A U.S. Special Operations member died of injuries suffered during a weekend raid against al-Qaida militants in Yemen, the military said Sunday.

Three other American troops, members of a Navy SEAL unit, were wounded in the operation Saturday against members of al-Qaida in the Arabian Peninsula. The militant organization has remained a potent threat amid an extended civil war in Yemen.

The incident marks the first time a member of the U.S. military has died in combat since President Trump took office a little more than a week ago. The ground operation, which had been planned for months, was authorized by Trump, according to U.S. officials familiar with the mission. Trump has pledged to wage a more aggressive campaign against militant groups worldwide.

In a statement released by the White House, Trump called the raid “successful” and that it resulted in the capture of intelligence that would “assist the U.S. in preventing terrorism against its citizens and people around the world.”

“Americans are saddened this morning with news that a life of a heroic service member has been taken in our fight against the evil of radical Islamic terrorism,” Trump said in the statement.

A defense official said the slain service member was killed in a firefight with militants. According to the U.S. Central Command, 14 militants were killed during the operation.

The raid, in a remote desert area of Yemen’s Shabwa governorate, aimed to obtain intelligence information, including computer material, that was thought to be linked to planning for external attacks. The official could not confirm whether U.S. allies had participated in the raid. In recent months, U.S. Special Operations forces have partnered with troops from the United Arab Emirates to go after al-Qaida militants in Yemen.

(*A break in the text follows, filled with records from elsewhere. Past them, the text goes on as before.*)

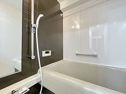 壁の色に変化をつけているので、明るさを保ちつつも落ち着いた印象の浴室です。広々としたバスタブは1日の疲れをリフレッシュ出来そうですね。
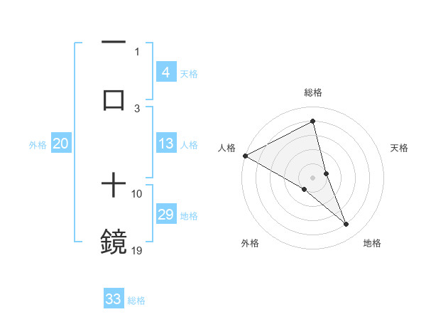 一口 十鏡さんの総格は33画の4点!
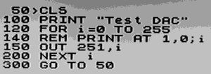 Написал программку генерации пилы с ЦАП (забыл уже за 30 лет как на васике что-то делается. пришлось книжку полистать, повспоминать. Спасибо за подсказку номера порта)
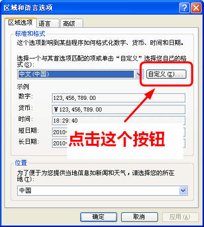 然后打開“自定義區域選項”窗口,點擊時間按鈕查看時間格式。
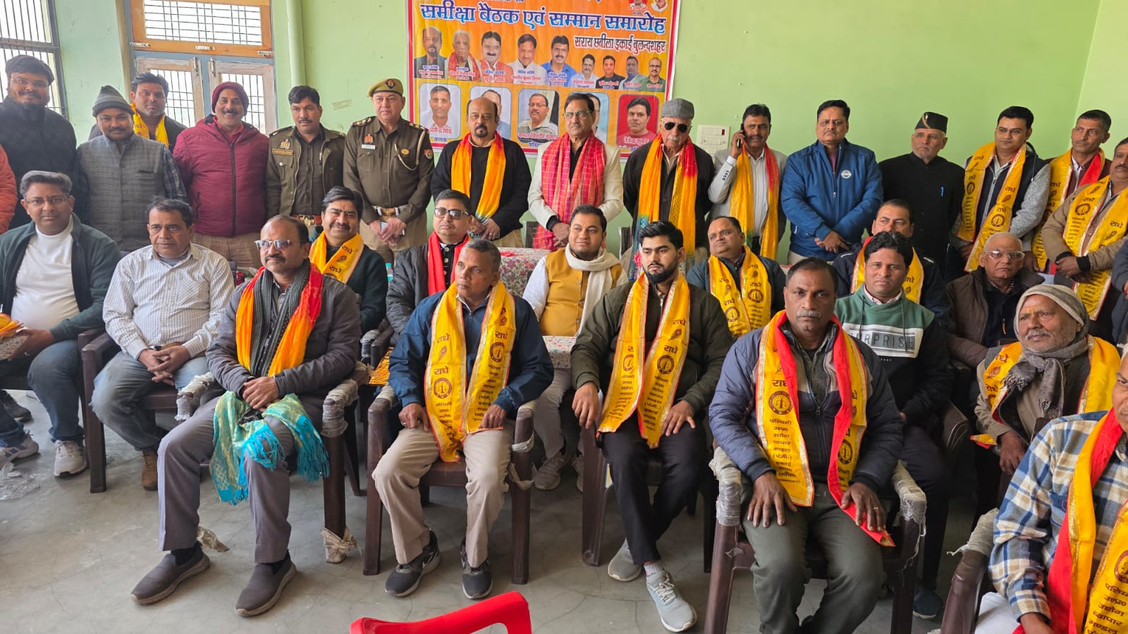 बुलंदशहर : में पश्चिम उत्तर प्रदेश उद्योग व्यापार मंडल सराय छबीला इकाई द्वारा आयोजित समीक्षा बैठक एवं सम्मान समारोह का आयोजन चौधरी विजेंद्र सिंह की अध्यक्षता में संपन्न हुआ जिसका संचालन जिला महामंत्री अनुराग अग्रवाल ने किया जिसमें मुख्य अतिथि के रूप में प्रदेश के वरिष्ठ उपाध्यक्ष एस के सक्सेना ,विशिष्ट अतिथि अमरीश जिंदल प्रदेश उपाध्यक्ष ,नरेश गोयल जिला अध्यक्ष ,एवं TI राजपाल सिंह तोमर मंडी चौकी प्रभारी हरेंद्र सिंह उपस्थित रहे कार्यक्रम में भारी संख्या में सराय छबीला इकाई के सदस्य जिला प्रदेश एवं नगर इकाई के सदस्य मौजूद रहेमुख्य अतिथि ने सराय छबीला इकाई की प्रशंसा करते हुए कहा कि इकाई द्वारा संगठन में किसी के यहां भी किसी भी परेशानी के लिए हर समय तैयार रहना यह उनके संगठन के प्रति अपनी निष्ठा का जीता जाता उदाहरण है जो की मुश्किल से ही कहीं मिल पाता है जिला अध्यक्ष नरेश गोयल द्वारा सराय छबीला इकाई के सभी व्यापारियों को भरोसा दिलाया कि कोई भी किसी भी तरह की परेशानी सराय छबीला के किसी भी व्यापारी को आती है तो संगठन सदैव उनके साथ खड़ा हुआ है मंडी चौकी प्रभारी द्वारा सभी व्यापारियों को भरोसा दिलाया कि किसी भी तरह की परेशानी के लिए पुलिस की मदद ले सकते हैं उन्होंने व्यक्तिगत नंबर सभी को उपलब्ध कराया डॉ घनश्याम को सराय छबीला इकाई का संरक्षक नियुक्त किया गयासराय छबीला अध्यक्ष जोगिंदर सिंह ने सभी आए हुए अतिथियों का धन्यवाद कियाजिला सचिव सुमित महेश्वरी विजय गुप्ता अरुण गोयल विशाल रस्तोगी अभय चंद्र दीपक विकास बंसल शिवन गोयल, संचित एलाइंस, सुरेश कुमार, कमल किशोर, वीरेंद्र कुमार ,देवेंद्र कुमार, अतुल कुमार ,राजेंद्र कुमार ,राजेंद्र नगर, कमलेश कुमार, भवेश कुमार, राजू कुमार सिंह, सुनील अग्रवाल, अनुज अग्रवाल, छत्रपाल ,प्रमोद कुमार, विक्रम सिंह, आदि व्यापारी एवं पदाधिकारी मौजूदरहे

The assault, a Yemeni official said, killed 35 to 40 people in the village, though other figures in local media suggested a lower death toll. U.S. troops, the official said, descended from helicopters as militants had gathered for a late-night session of chewing qat, the leafy narcotic used by most Yemeni males, especially at social and tribal gatherings. A lengthy battle followed, as the militants opened fire on the U.S. soldiers. Many homes were destroyed, the official said.

“The raid was intense, and wiped out most areas of the village,” the security official said. “It took place from night until dawn.”

Among those killed was an al-Qaida in the Arabian Peninsula leader named Abdulra’oof Aldahab and two of his relatives. In total, 13 militants were killed, the official said. The operation also killed 15 women and children, the official said, including the 8-year-old daughter of the late radical-Yemeni-American cleric Anwar Al-Awlaki, who was killed in a 2011 U.S. drone strike.

U.S. officials, after indicating that they could not confirm reports of civilian casualties, said they were now assessing the claims. U.S. helicopter gunships and fighter aircraft provided cover for the raid force, according to another defense official. The aircraft dropped an unknown amount of munitions in support of the operation.

According to a report from the SITE Intelligence Group, al-Qaida in the Arabian Peninsula reported in a message on the Telegram messaging app that U.S. forces launched a helicopter attack and a ground raid on a Yemeni village, killing dozens of civilians. The militant group denied that any militants were killed.